The financial aspect stems from the wellness and influencer movement seeking to peddle generic medicines and supplements, which they could buy in bulk and repackage together with expensive telehealth visits. Their drugs of choice: low-cost antiparasitics such as ivermectin, hydroxychloroquine and fenbendazole. This has become a lucrative business empire.
An anti-science ecosystem
Now with Robert Kennedy as secretary of the US Department of Health and Human Services, the antivaccine rhetoric has acquired an unprecedented platform, as he attempts to resurrect vaccine-autism links and discredit the measles-mumps-rubella vaccine or mRNA vaccines for Covid and future pandemic threats. In his first few months, Mr Kennedy has consistently downplayed the MMR vaccine in favour of vitamins or (in a nod to the wellness industry) a cocktail of medicines – vitamin A, budesonide and clarithromycin. Many activists further claim pandemics are hoaxes or planned for personal gain by scientists or public health officials. The term ‘plandemic’ has entered the lexicon.
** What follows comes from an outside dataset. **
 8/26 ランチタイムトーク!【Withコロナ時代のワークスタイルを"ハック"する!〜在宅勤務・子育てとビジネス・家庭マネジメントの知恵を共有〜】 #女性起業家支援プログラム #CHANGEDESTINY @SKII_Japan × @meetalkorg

Academic health centres and research universities are also under threat. The Trump administration has proposed a nearly 40% cut to the US National Institutes of Health budget, with some universities such as Harvard, Columbia and the University of California system threatened with additional sanctions. In my latest book, with Michael Mann, Science Under Siege, we compare the coordinated attacks against both biomedicine and climate science.
Will this unique brand of American anti-science, linked to extremist politics and wellness influencer products, globalise? American anti-science has already gone beyond US borders into Canada where measles outbreaks are also underway. In addition, the US government has indicated its intention to pull critical financial support for science-driven global health organisations, including the World Health Organizationand Gavi, the Vaccine Alliance. But documenting the spread of US antivaccine–anti-science activism to LMICs in Africa, Asia and Latin America is not straightforward or easy to document, given that it mainly occurs through local media, WhatsApp and other personal device messaging. Reports on American antivaccine leaders pop up often on local news sites in LMICs, as do antivaccine films made in the US. It is not unusual to learn of LMIC government leaders repeating antivaccine and anti-science rhetoric from the US.
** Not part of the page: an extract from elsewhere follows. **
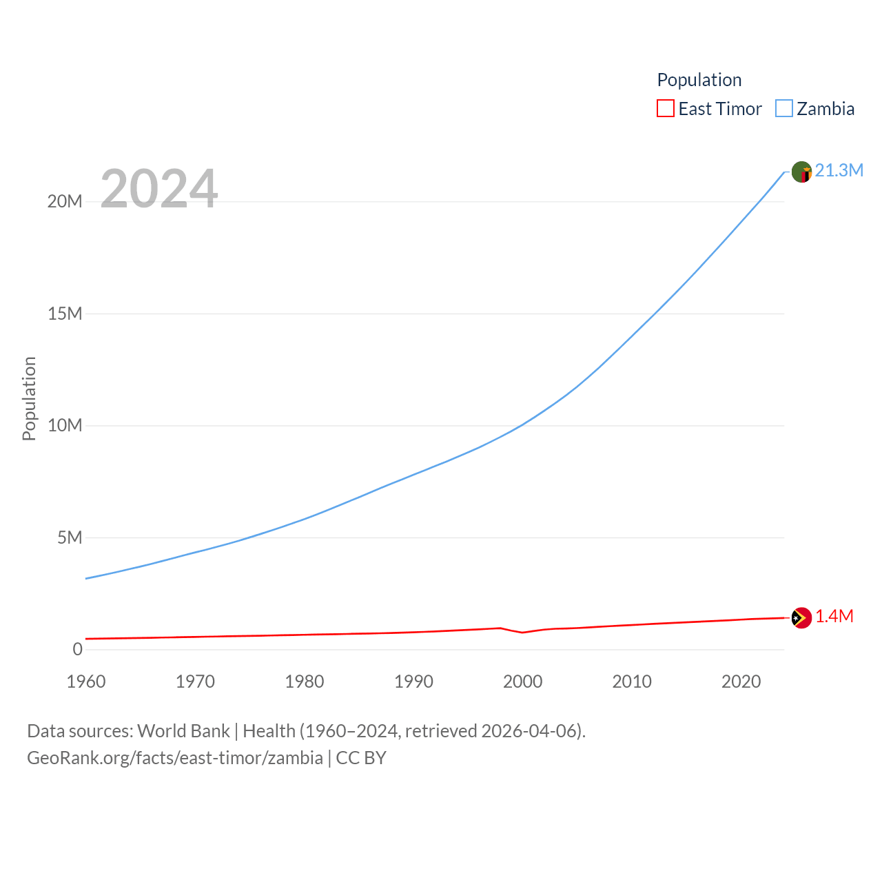 East Timor has a population of 1.4M (ranked 152/197), compared with 21.3M in Zambia (ranked 63/197). East Timor's land area is 5,741 sq mi versus 287,024 sq mi for Zambia (ranked 155th vs. 37th).

In 2023, the WHO sounded an alarm regarding the decline in MMR vaccination rates and the return of measles and other childhood illnesses. The concern is that this reflects the globalisation of what accelerated out of Texas a decade ago. For years, I would visit Latin American countries to address their medical societies. I would begin by congratulating their physician members on holding the line and preventing the contamination of US antivaccine activism south of the border. This is no longer the case. I am concerned that increasingly vaccination rates will decline in LMICs across the world. Our global vaccine ecosystem is fragile.